The reflective part: the easy story to tell is "we wrote a pipeline, it saved time, here are the metrics." The harder, truer story is that the form was the bottleneck, not the work. Subscription provisioning is not actually difficult. The Bicep that stamps a landing zone is two hundred lines. The pipeline is four stages. The federated credential dance is forty seconds of script. None of these are hard problems. What was hard was making the request into a software artifact (a PR) rather than a human-routed ticket. Once it was a PR, the obvious thing to do was run a pipeline against it, and the obvious place to deposit the answer was a Teams message. The hardness was organisational, not technical. The pipeline is the artefact; the artefact people will read is this article. But the actual product is the PR template. Without it, the pipeline would be a faster ticket. With it, the pipeline is a self-service product.
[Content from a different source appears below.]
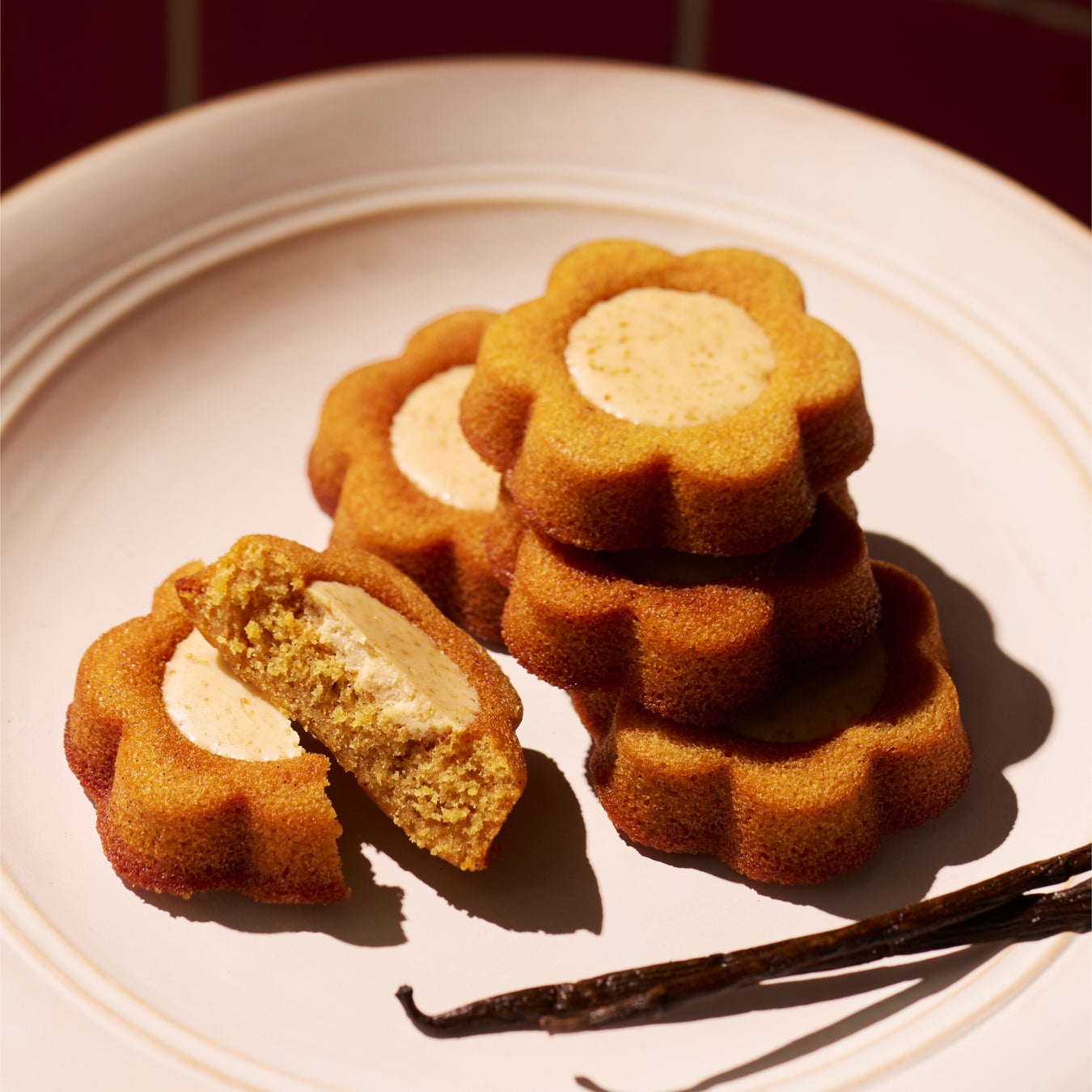 マダガスカル産バニラとグラスフェッドバターを練り込んだバニラ薫る生地に、チョコレートを満たした、コク深い味わいの花型ケーキ。

If I had to do this work again on a fresh org, I would start with the PR template before I wrote a single line of Bicep. The validation rules in Stage 1 are the part that prevents the new world from drifting back toward the old one. The Bicep is replaceable; the YAML schema is the contract. The pipeline implements the contract; the team implements the pipeline. As long as the contract is enforced, the rest is plumbing, and plumbing is the easy part.